Marcus thinks that’s the funniest thing he’s ever heard.

The divorce from Marcus’s father was hard, but necessary. David was a good man, a civilian contractor I met during my time at the Pentagon. But we wanted different things.

He wanted stability, routine, a partner who was home for dinner every night.

I wanted a career that mattered, deployments that challenged me, a life that didn’t fit into a predictable pattern. We tried for three years to make it work.

Went to counseling. Had long conversations about compromise and sacrifice.

But in the end, we both realized we were compromising too much of who we were.

The divorce was amicable. We co-parent well. Marcus spends half the week with me and half with David, and we make it work because we both love our son more than we resent each other.

It’s not the life I imagined when I was younger.

But it’s a good life—honest, real, built on choices I made consciously rather than defaulting to what I thought I was supposed to want. Aunt Marissa is sixty now, still the family’s emotional center.

She retired from teaching two years ago and spends most of her time with Tyler’s daughter, Emma, whom she adores. She’s softer now than she was twelve years ago—less anxious, more accepting of the way things turned out.

She told me once, about a year after Tyler and I started rebuilding our relationship, that she’d been wrong to ask me to let things go.

“You knew what he needed,” she said. “I was just trying to protect him from being hurt.
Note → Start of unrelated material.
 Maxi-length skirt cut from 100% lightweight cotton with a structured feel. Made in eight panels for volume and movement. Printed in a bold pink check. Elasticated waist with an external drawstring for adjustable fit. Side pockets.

But you were protecting him from something worse—from never growing up.”

It took courage for her to say it—to admit she’d misread the situation.
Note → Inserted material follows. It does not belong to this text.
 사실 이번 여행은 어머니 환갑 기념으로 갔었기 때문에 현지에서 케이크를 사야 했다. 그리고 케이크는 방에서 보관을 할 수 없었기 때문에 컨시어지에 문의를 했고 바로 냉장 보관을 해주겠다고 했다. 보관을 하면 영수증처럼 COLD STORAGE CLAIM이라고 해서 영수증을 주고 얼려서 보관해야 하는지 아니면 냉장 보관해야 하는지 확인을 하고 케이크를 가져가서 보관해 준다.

Uncle James is sixty-two, semi-retired from his contracting business, still the family patriarch in all the ways that matter. He hosts the gatherings, mediates the disputes, and keeps everyone connected.

He’s proud of both Tyler and me in different ways. He tells people his niece is a lieutenant colonel and his nephew is a staff sergeant.

And you can hear the pride in his voice when he says it.

Lydia is a lieutenant colonel now, too, stationed in Colorado Springs, working at NORTHCOM. We don’t see each other as often as we used to, but we talk every few weeks—long phone calls where we catch up on work and life and everything in between. She got married four years ago to another officer, a woman named Rachel, who works in intelligence.

They’re happy, stable, building the kind of partnership I tried to build with David but couldn’t quite manage.

I’m happy for her. She deserves it.

She’s still one of the smartest, most capable officers I know. And I’ve told her more than once that she’s going to make general before she retires.

She laughs when I say it, but I mean it.

She has the vision, the leadership skills, and the political savvy that senior leadership requires. I have some of those things, but not all of them. I’m better in operational roles, in the field, leading people directly rather than managing from a distance.

I think about the barbecue sometimes.

Not often, but when I do, it’s with a strange mix of emotions. Regret that it happened the way it did.

Gratitude for what came after. The incident itself was brief—maybe thirty seconds from Tyler lunging to him tapping out.

But the aftermath stretched for years—the silence, the boundaries, the slow, painful work of rebuilding.

If I could go back, I don’t know what I’d change. Maybe I would have walked away instead of engaging. Maybe I would have pulled Tyler aside before things escalated and had a hard conversation in private.

But maybe not.

Maybe it needed to happen exactly the way it did. Maybe Tyler needed to be humbled publicly because private conversations hadn’t worked.